Grease the bottom and sides of an 8- by 8-inch baking pan with butter and then line the pan with parchment paper. Leave a 2-inch overlap on the sides of the pan and set the pan aside.
In a medium sized bowl, add the sweetened condensed milk, vanilla extract, bittersweet chocolate chips, Nutella, and butter. Mix everything together well.
Set up the double-boiler by setting the bowl filled with the ingredients on top of pot of gently simmering water. The water level should be low enough that the bottom of the bowl does not touch the water.
Stir everything until the chocolate chips are melted and the mixture is smooth. This will take 5 to 7 minutes, be sure to keep stirring so that all of the mixture melts evenly.
Using a rubber spatula and scrape the mixture into the prepared pan, spread the top smooth with the spatula.
Once smooth, sprinkle with the sea salt.
Place baking dish in the fridge and refrigerate until the fudge is firm. Refrigerate for at least 2 hours.
After the fudge is set, run a knife under hot water, dry it off, and run it around the edges of the pan to loosen the fudge.

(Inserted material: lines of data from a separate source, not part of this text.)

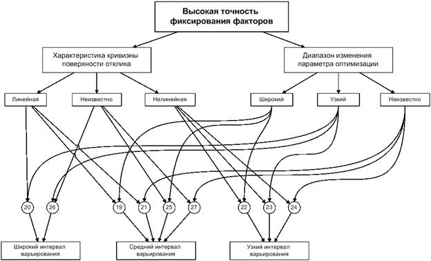 Точность фиксирования факторов определяется точностью приборов и стабильностью уровня в ходе опыта. Для упрощения схемы принятия решений мы введем приближенную классификацию, полагая, что есть низкая, средняя и высокая точности. Можно, например, считать, что поддержание температуры в реакторе с погрешностью не более 1% соответствует высокой, не более 5% – средней, а более 10% – низкой точности.
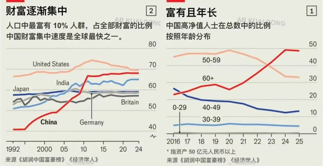 当然,这样的分化跟胡润中国富豪榜及经济学人近期发布的一个数据相互印证:中国的财富快速集中在少数人手中,这样直接导致了消费市场的两极分化。
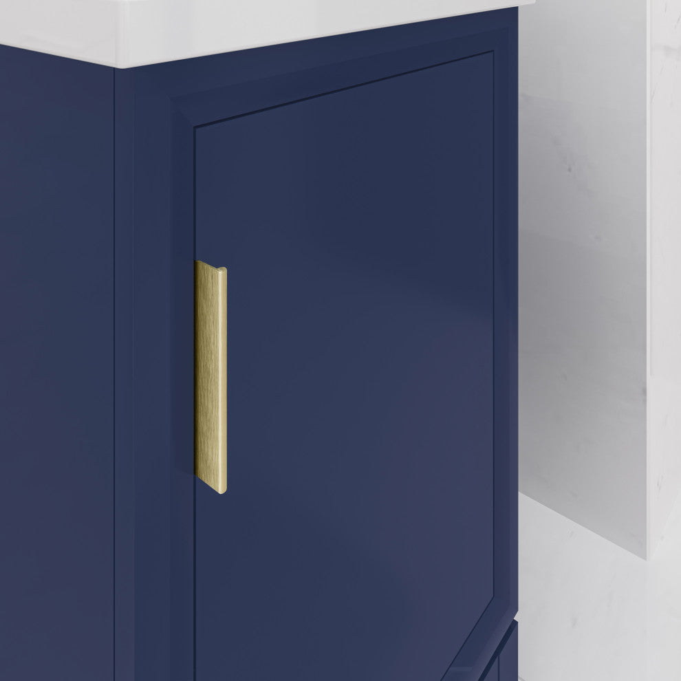 Brighten every nook and corner with Water Creationvanity! Elise collection bathroom vanity is the perfect addition in a level of subtle sophistication for small bath or powder room. Crafted of MDF in top-notch quality for exceptional strength and structural integrity, this small vanity is designed to build to the last. The cabinet is adorned with sleek brushed metal hardware which defines the clean, linear silhouette in every respect. Despite its exquisite size, practical and stylish elements include ample storage space behind the soft-close doors for your toiletries. The lustrous ceramic integrated sink vanity top in silky smooth surface prevents staining and make cleanup a breeze. Designing the speak itself, its lucid shaker styling is assured to appeal to a wide range of tastes for your bathroom renovation.
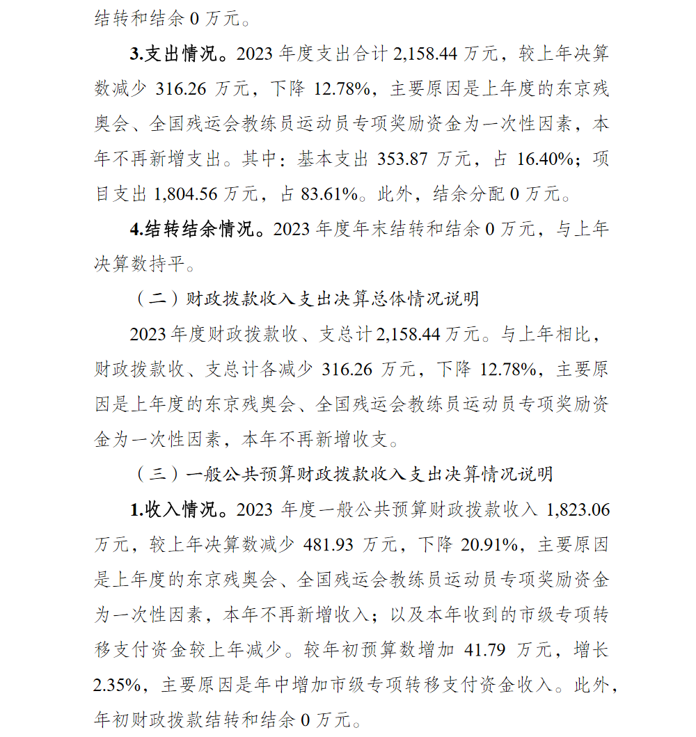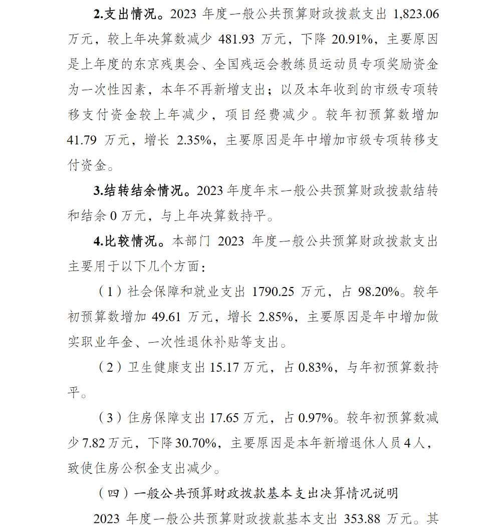 重庆市北碚区残疾人联合会2023年度部门决算情况说明
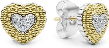 Lend luxe love to any look with these two-tone heart studs featuring signature caviar beading and diamond pavé.
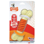 Trip to the doggie dentist? No thanks! Bacon Flavored PRO Action Dental Chew from Nylabone? Now you're barking' your pup's favorite language! The PRO Action Chew is a bacon flavored bone made for powerful chewers. Raised nubs and spirals in the bone allow the teeth to sink in, removing plaque and tartar and stimulating the gums. Recommended by vets for healthy mouths and fresh breath!
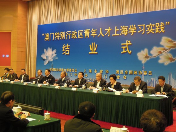 2012“澳門青年人才上海學習實踐計劃”昨日舉行結業式,全國政協副主席何厚鏵,上海市政協主席馮國勤,全國政協港澳台僑委員會副主任楊崇匯,中聯辦副主任徐澤,澳區全國政協常委、澳門基金會信託委員廖澤雲,澳區全國政協委員、澳門基金會監事長崔世昌,澳門基金會行政委員會主席吳志良等出席了儀式。何厚鏵寄語澳門的年青一代要有擔當意識,去迎接各種歷練,為推動澳門的可持續發展,為國家的現代化建設作出貢獻。主辦單位認同計劃取得圓滿成功,並期望28位學員能將上海的學習成果融滙到澳門中去,為澳門社會發展注入新動力。
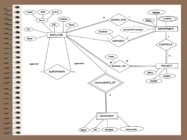 Step 4: Mapping of Binary 1: N Relationship Types • For each regular binary 1: N relationship R, identify the relation S (the N-side of the relationship). • Include as foreign key in S the primary key of the relation T (the other entity participating in R). • Include any simple attributes of the 1: N relation type as attributes of S. • E. g. : 1: N relationship types WORKS_FOR, CONTROLS, and SUPERVISION in the schema. – For WORKS_FOR we include the primary key DNUMBER of the DEPARTMENT relation as foreign key in the EMPLOYEE relation (and call it DNO).
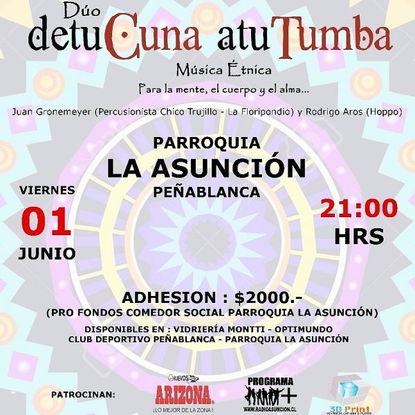 Este viernes 1 de junio se presentará en la Parroquia La Asunción de Villa Alemana (Peña Blanca) el dúo “detuCunaaTuTumba”. La adhesión al evento es de dos mil pesos y las entradas se pueden conseguir en Vidriería Montti, Optimundo Villa Alemana, Club Deportivo Peña Blanca y la propia Parroquia Asunción, en Villa Alemana.

Using the overhanging parchment paper, lift the fudge out of the pan.
Carefully peel off the parchment paper.
Cut the fudge into 3/4-inch squares. You will have about 50 3/4-inch squares
Store in the refrigerator in an airtight container or wrapped well in plastic wrap and foil.
Nutella Fudge with Sea Salt
- Grease the bottom and sides of an 8- by 8-inch baking pan with butter. Line the pan with parchment paper, leaving a 2-inch overlap on the sides.
- In a medium glass or stainless steel bowl, stir together sweetened condensed milk, vanilla, bittersweet chocolate chips, Nutella, and butter.
- Form a double-boiler by setting the bowl on a medium pot of gently simmering water. The water level should be low enough that the bottom of the bowl does not touch the water. Stir until the chocolate chips are melted and the mixture is smooth, 5 to 7 minutes.
- Scrape the mixture into the prepared pan, spread the top smooth with a spatula, and sprinkle with sea salt. Refrigerate until the fudge is firm, at least 2 hours.
- Run a knife under hot water, dry it off, and run it around the edges of the pan to loosen the fudge. Using the overhanging parchment paper, lift the fudge out. Peel off the parchment paper. Cut the fudge into 3/4-inch squares. Store in the refrigerator in an airtight container or wrapped well in plastic wrap and foil.